▶ DESCRIPTION OF THE TASK: Only the lines from the first line of the data through the line containing "Увеличение доли страховой" belong in the answer, transcribed exactly; pictures do not.

-------- MATERIAL SUPPLIED

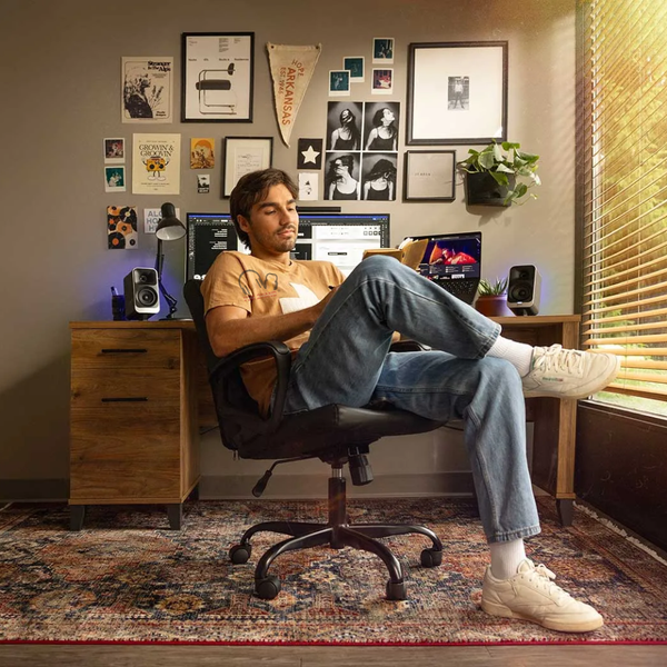 Phong cách Vintage & Hiện đại: Thùng loa phủ vân gỗ sang trọng trên nền màu đen thời thượng, tạo cảm giác vừa cổ điển vừa chuyên nghiệp cho góc làm việc.
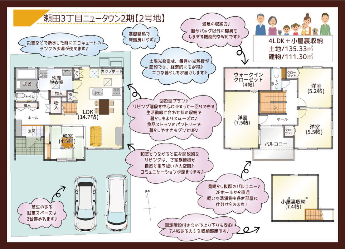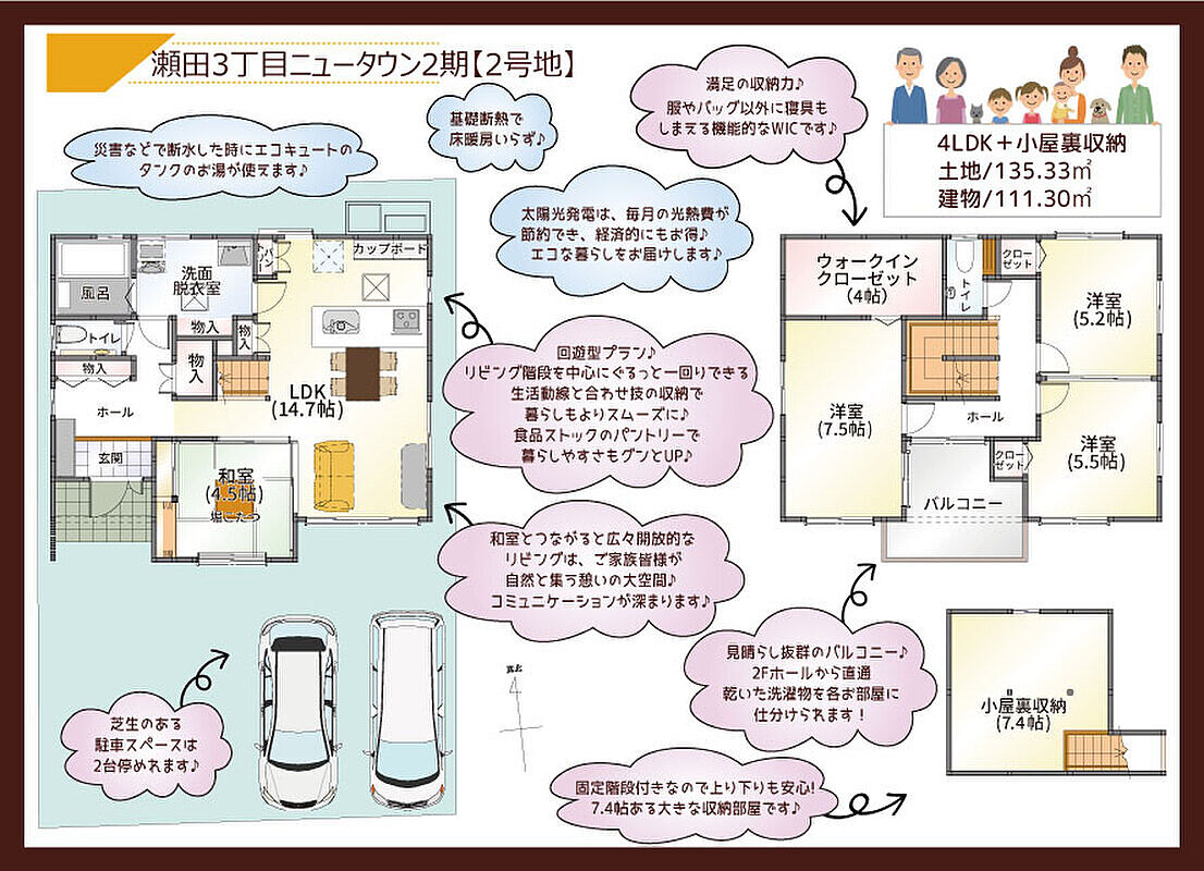 | 建物面積 | 111.30m2(33.66坪)~112.96m2(34.17坪)(登記) | 土地面積 | 135.33m2(40.93坪)~138.53m2(41.90坪)(登記) |
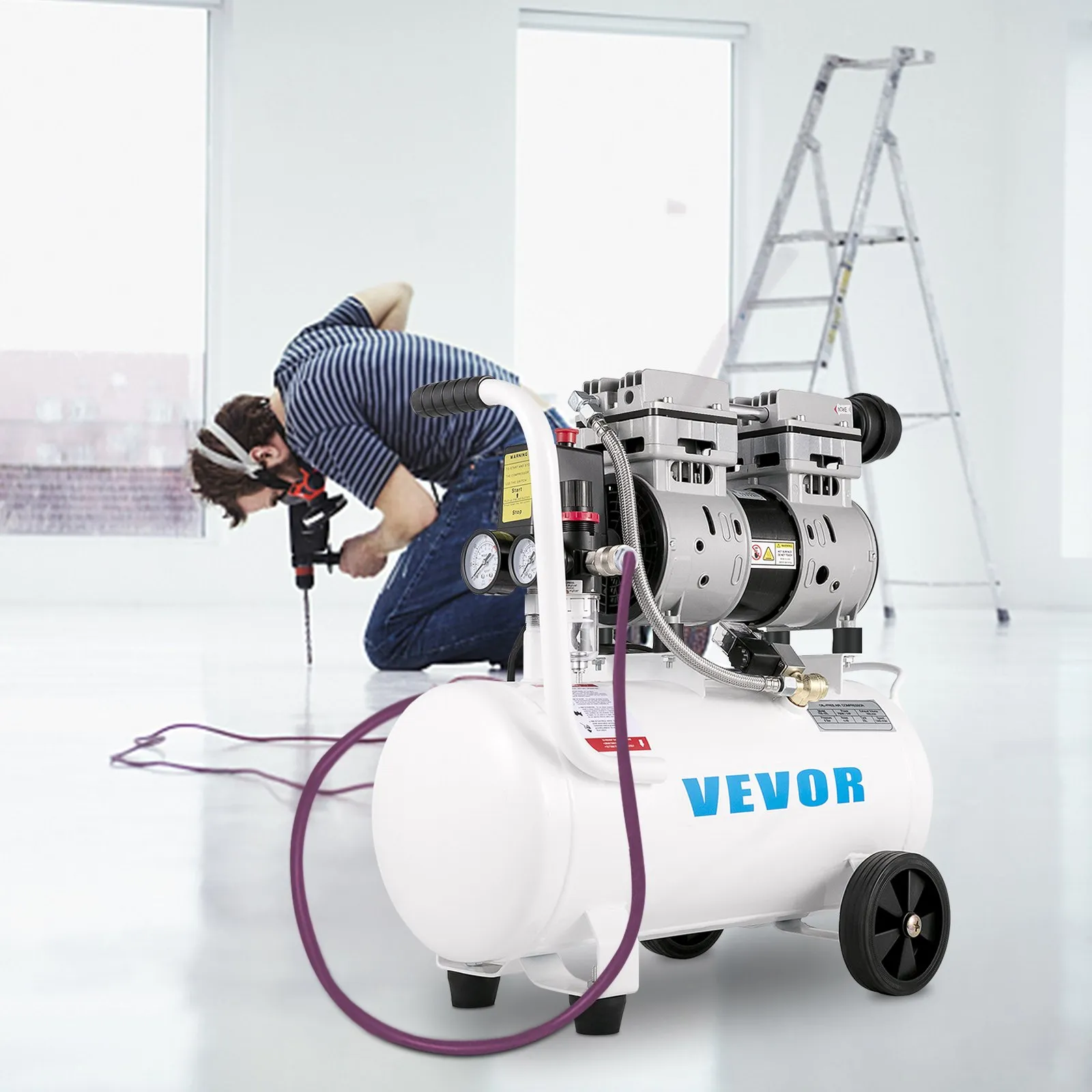 Este compresor de aire se puede utilizar ampliamente para diversas herramientas neumáticas, como taladros, clavadoras, pistolas de calafateo, llaves neumáticas, etc. Está equipado con 1 bomba sin aceite para un mantenimiento mínimo y 1 tanque de 25 L para un funcionamiento continuo. Además, el compresor cuenta con 1 motor de cobre puro, de alta eficiencia y ultra silencioso, que le sirve durante mucho tiempo.
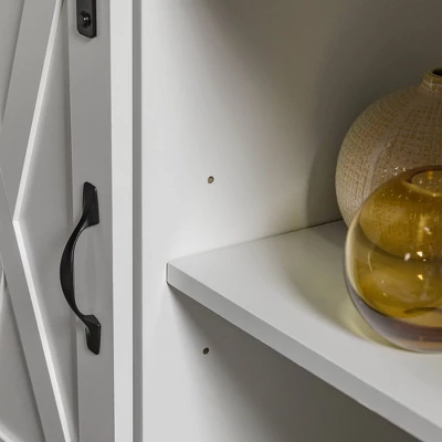Make an on-trend statement in your home with this stylish 52-inch TV stand from Saracina Home. In a modern farmhouse aesthetic, this design style is everything, with barn door inspired cabinets and metal accents. In a multi-functional design, this console can also be used as a storage cabinet in your bedroom or buffet table in your kitchen. The sliding cabinet doors cover up the side or center shelving, with two open shelves above perfect for electronics. Keep your media, books, décor, and more on the adjustable shelving. Made of high-grade MDF, durable laminate, and metal. Can fit up to a 58-inch TV.
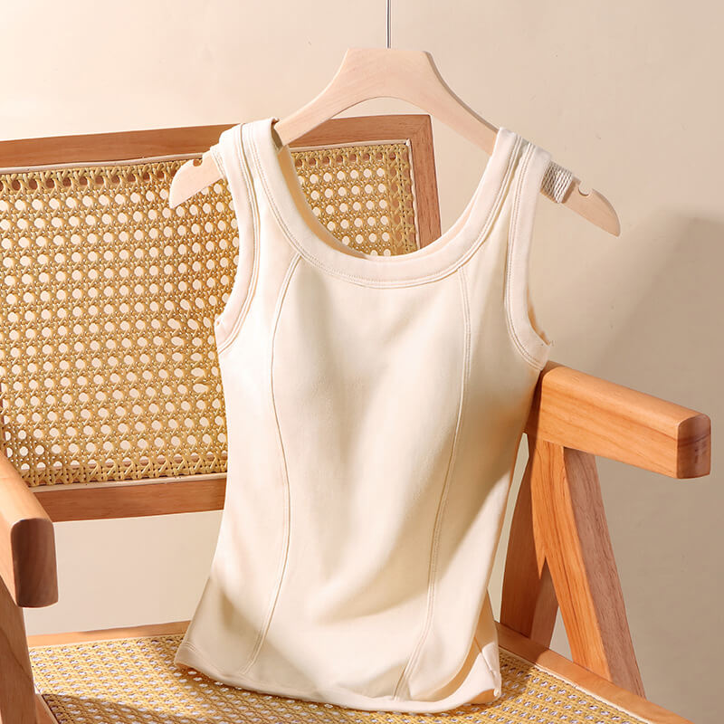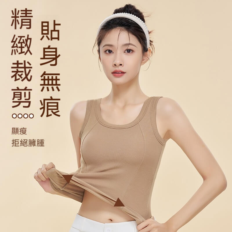 【保暖羊毛!潤膚小背心~】秋冬新款一體式固定杯保暖女士内衣!德絨加熱,美背貼身,無痕磨毛更舒適!
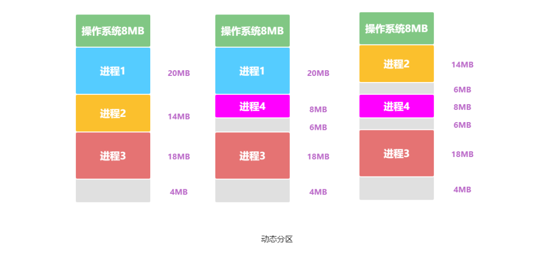 如下图所示,系统有 64MB 内存空间,其中低 8MB 固定分配给操作系统,其余为用户可用内存。开始时装入前三个进程,它们分别分配到所需的空间后,内存只剩下 4MB,进程 4 无法装入。在某个时刻,内存中没有一个就绪进程,CPU 出现空闲,操作系统就换出进程 2,换入进程 4。由于进程 4 比进程 2 小,这样在主存中就产生了一个 6MB 的内存块。之后 CPU 又出现空闲,而主存无法容纳进程 2,操作系统就换出进程 1,换入进程 2。
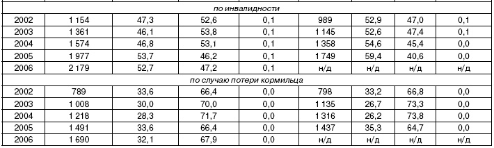 Увеличение доли страховой части пенсии в средних размерах назначенных в отчетном году пенсий было менее выраженным, особенно для пенсионеров по старости и инвалидности, что отражает тот факт, что пенсионные права новых пенсионеров 20022004 гг. сформировались в рамках прежней системы и учитывались с ограничением на соотношение индивидуального и среднего по стране заработков. Это также подтверждает то обстоятельство, что относительное увеличение страховой части пенсии для всех пенсионеров происходило исключительно за счет разных темпов индексации. Тем не менее в три первых года реформы пенсионной системе удалось придать импульс для перехода на страховые принципы, когда большая часть пенсионных выплат зависит от реального трудового вклада пенсионера в течение трудовой жизни.
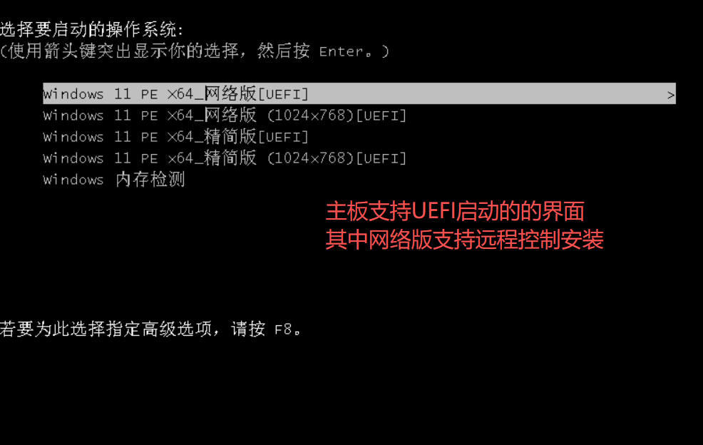 三、较新的主板或是支持UEFI启动的主板 U盘启动后如下图所示
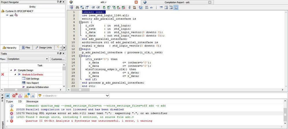 You have written code in VHDL HDL & saved that with verilog extension (*.v), just perform 'Save As..' & save the new file with (*.vhd)extension & remove this abc.v file from project.
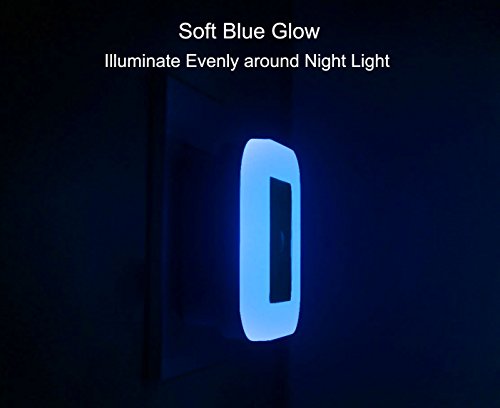Exact Brightness --- Waynewon night lights emit soft blue glow, just the right amount of light to see where you are going in the dark. Soft glow protects your eye from harsh bright light at midnight. Best bedroom, nursery, bathroom night lights
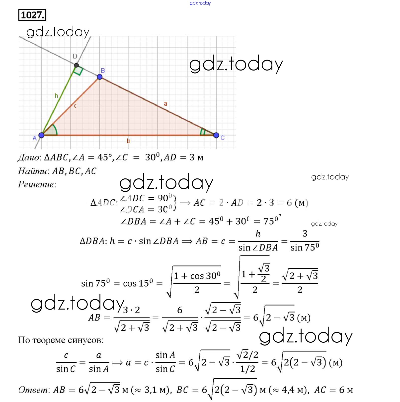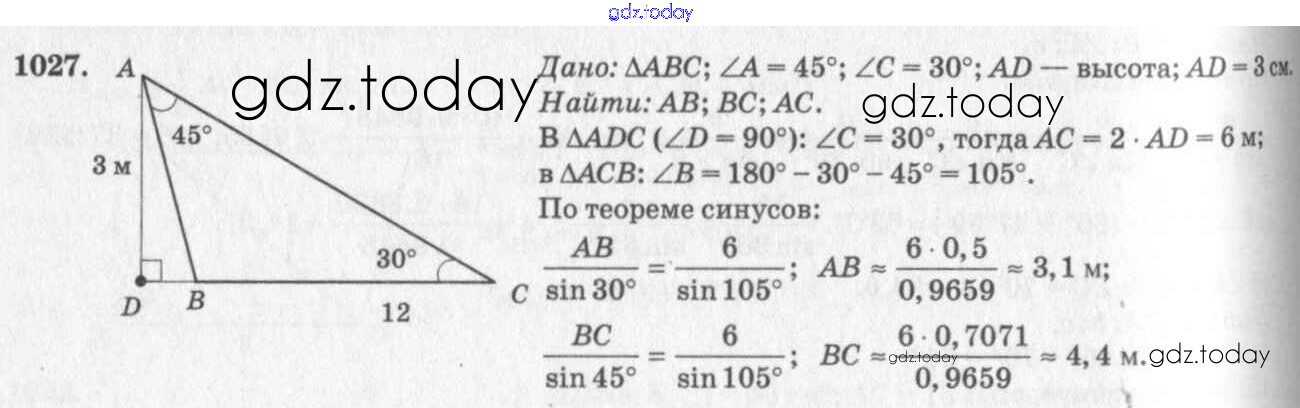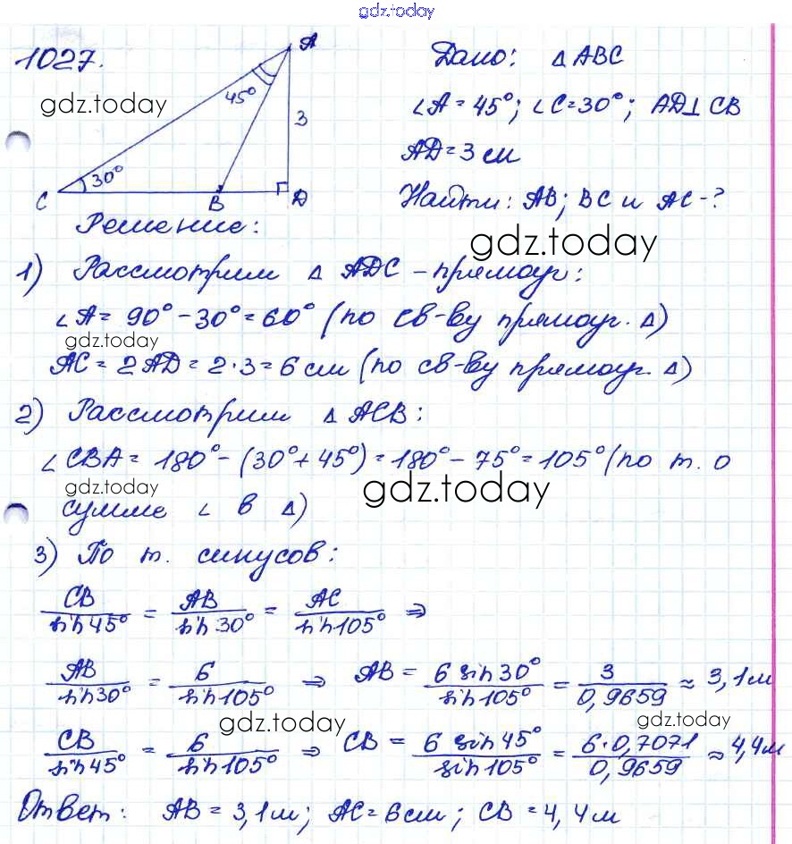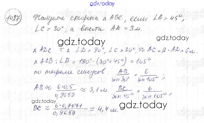 Ответы к Решение. Задачи 1027 Учебнику по Геометрии для 7-9 класса Атанасян, Бутузов Просвещение 2010
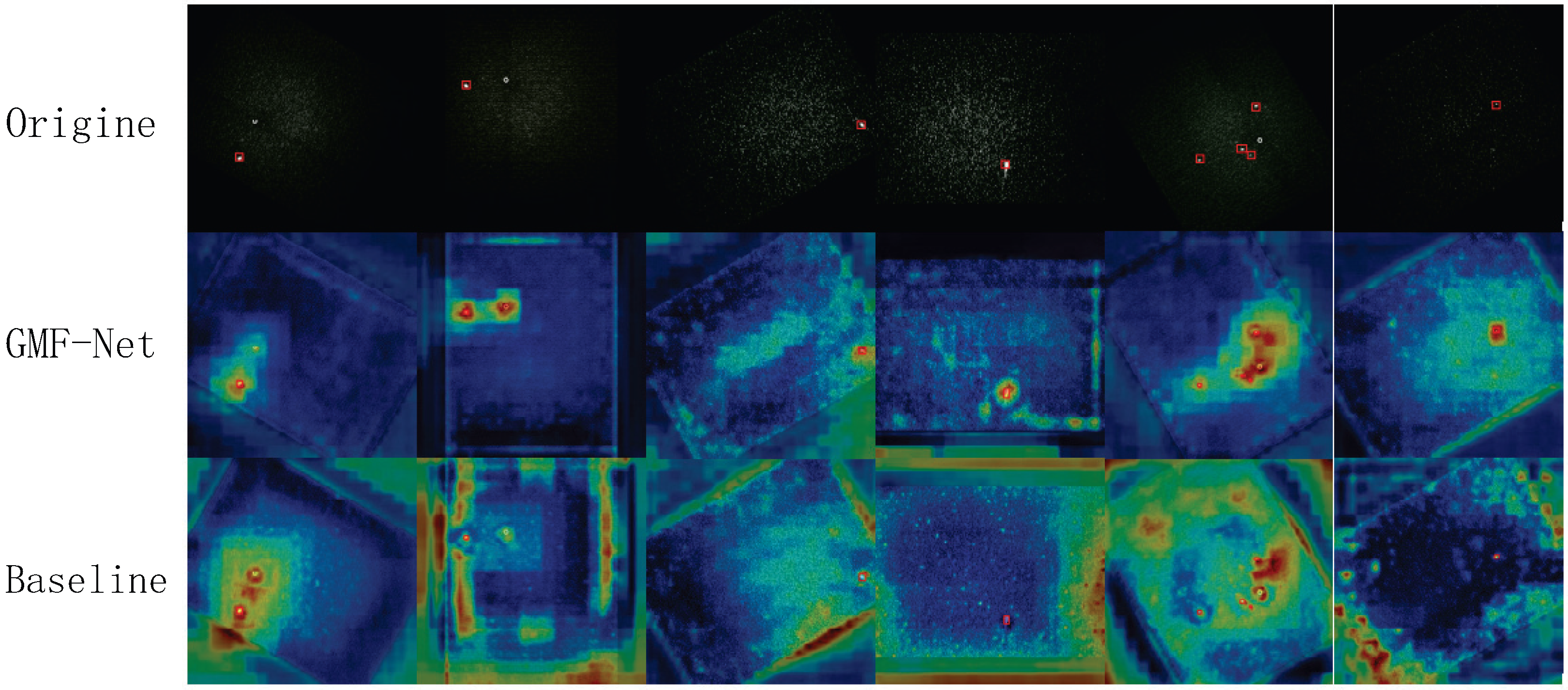 - For clustered targets, GMF-Net’s hotspots align closely with true positions, while YOLOv8 generates multiple false alarms in background regions.

----------------

▶ WRITTEN SOLUTION:
 Phong cách Vintage & Hiện đại: Thùng loa phủ vân gỗ sang trọng trên nền màu đen thời thượng, tạo cảm giác vừa cổ điển vừa chuyên nghiệp cho góc làm việc.
 | 建物面積 | 111.30m2(33.66坪)~112.96m2(34.17坪)(登記) | 土地面積 | 135.33m2(40.93坪)~138.53m2(41.90坪)(登記) |
 Este compresor de aire se puede utilizar ampliamente para diversas herramientas neumáticas, como taladros, clavadoras, pistolas de calafateo, llaves neumáticas, etc. Está equipado con 1 bomba sin aceite para un mantenimiento mínimo y 1 tanque de 25 L para un funcionamiento continuo. Además, el compresor cuenta con 1 motor de cobre puro, de alta eficiencia y ultra silencioso, que le sirve durante mucho tiempo.
Make an on-trend statement in your home with this stylish 52-inch TV stand from Saracina Home. In a modern farmhouse aesthetic, this design style is everything, with barn door inspired cabinets and metal accents. In a multi-functional design, this console can also be used as a storage cabinet in your bedroom or buffet table in your kitchen. The sliding cabinet doors cover up the side or center shelving, with two open shelves above perfect for electronics. Keep your media, books, décor, and more on the adjustable shelving. Made of high-grade MDF, durable laminate, and metal. Can fit up to a 58-inch TV.
 【保暖羊毛!潤膚小背心~】秋冬新款一體式固定杯保暖女士内衣!德絨加熱,美背貼身,無痕磨毛更舒適!
 如下图所示,系统有 64MB 内存空间,其中低 8MB 固定分配给操作系统,其余为用户可用内存。开始时装入前三个进程,它们分别分配到所需的空间后,内存只剩下 4MB,进程 4 无法装入。在某个时刻,内存中没有一个就绪进程,CPU 出现空闲,操作系统就换出进程 2,换入进程 4。由于进程 4 比进程 2 小,这样在主存中就产生了一个 6MB 的内存块。之后 CPU 又出现空闲,而主存无法容纳进程 2,操作系统就换出进程 1,换入进程 2。
 Увеличение доли страховой части пенсии в средних размерах назначенных в отчетном году пенсий было менее выраженным, особенно для пенсионеров по старости и инвалидности, что отражает тот факт, что пенсионные права новых пенсионеров 20022004 гг. сформировались в рамках прежней системы и учитывались с ограничением на соотношение индивидуального и среднего по стране заработков. Это также подтверждает то обстоятельство, что относительное увеличение страховой части пенсии для всех пенсионеров происходило исключительно за счет разных темпов индексации. Тем не менее в три первых года реформы пенсионной системе удалось придать импульс для перехода на страховые принципы, когда большая часть пенсионных выплат зависит от реального трудового вклада пенсионера в течение трудовой жизни.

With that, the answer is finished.